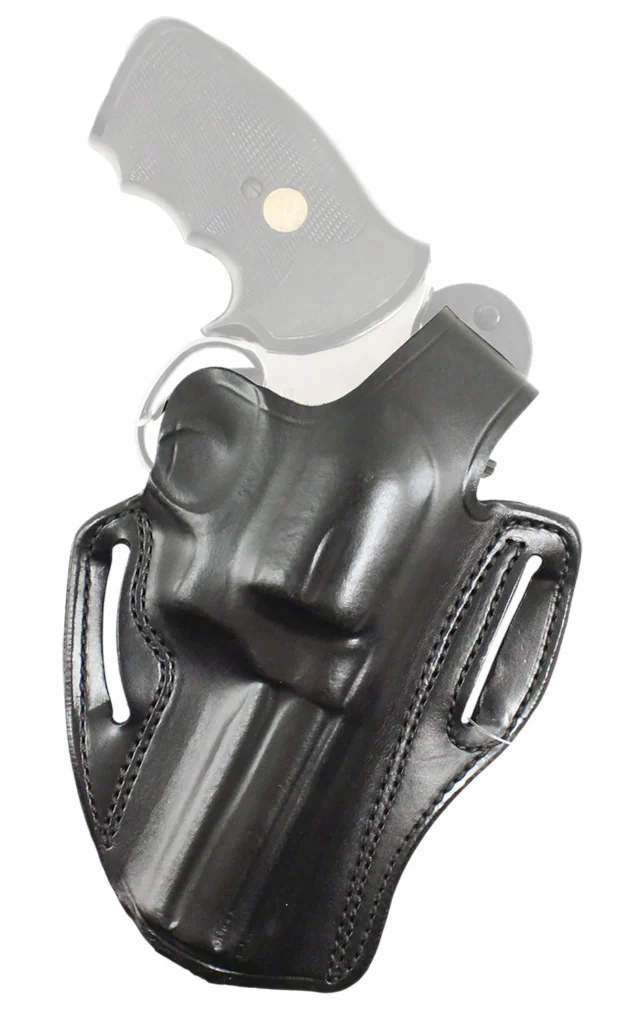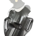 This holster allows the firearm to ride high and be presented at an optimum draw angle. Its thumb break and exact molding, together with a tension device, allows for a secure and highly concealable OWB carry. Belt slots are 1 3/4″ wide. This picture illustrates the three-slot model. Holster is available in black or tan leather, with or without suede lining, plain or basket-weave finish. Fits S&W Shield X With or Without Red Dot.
...
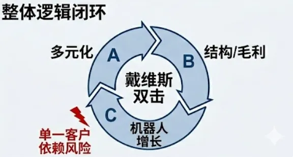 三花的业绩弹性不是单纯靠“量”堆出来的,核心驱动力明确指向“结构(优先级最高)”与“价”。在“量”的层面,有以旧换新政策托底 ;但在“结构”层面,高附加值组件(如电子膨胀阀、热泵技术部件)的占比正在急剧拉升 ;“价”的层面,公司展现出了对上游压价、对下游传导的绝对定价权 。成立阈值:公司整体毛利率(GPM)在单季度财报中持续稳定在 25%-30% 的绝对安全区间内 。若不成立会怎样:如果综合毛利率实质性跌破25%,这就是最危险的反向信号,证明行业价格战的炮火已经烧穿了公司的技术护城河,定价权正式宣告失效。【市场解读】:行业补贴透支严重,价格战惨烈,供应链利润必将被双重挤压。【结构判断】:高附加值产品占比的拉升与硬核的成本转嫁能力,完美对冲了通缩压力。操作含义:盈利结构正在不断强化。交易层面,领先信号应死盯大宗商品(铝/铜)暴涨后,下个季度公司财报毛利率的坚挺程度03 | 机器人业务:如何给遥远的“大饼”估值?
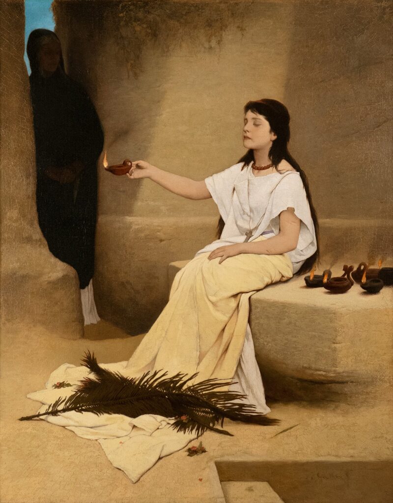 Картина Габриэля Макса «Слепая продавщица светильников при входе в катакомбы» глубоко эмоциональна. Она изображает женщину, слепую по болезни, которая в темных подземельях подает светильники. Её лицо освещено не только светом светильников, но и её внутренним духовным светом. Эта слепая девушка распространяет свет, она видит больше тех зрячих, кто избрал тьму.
==
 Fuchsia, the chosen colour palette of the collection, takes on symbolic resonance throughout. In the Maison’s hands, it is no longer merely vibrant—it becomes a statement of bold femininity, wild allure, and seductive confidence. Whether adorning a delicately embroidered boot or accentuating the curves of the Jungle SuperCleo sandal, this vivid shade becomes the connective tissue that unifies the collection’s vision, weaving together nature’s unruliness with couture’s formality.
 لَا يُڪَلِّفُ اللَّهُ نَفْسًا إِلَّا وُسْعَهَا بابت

**YOUR OBJECTIVE:** Above are some records; copy exactly the lines from the one with "Fuchsia, the chosen" through the one with "لَا يُڪَلِّفُ اللَّهُ", both included, and no others.

**WRITTEN ANSWER:**
 Fuchsia, the chosen colour palette of the collection, takes on symbolic resonance throughout. In the Maison’s hands, it is no longer merely vibrant—it becomes a statement of bold femininity, wild allure, and seductive confidence. Whether adorning a delicately embroidered boot or accentuating the curves of the Jungle SuperCleo sandal, this vivid shade becomes the connective tissue that unifies the collection’s vision, weaving together nature’s unruliness with couture’s formality.
 لَا يُڪَلِّفُ اللَّهُ نَفْسًا إِلَّا وُسْعَهَا بابت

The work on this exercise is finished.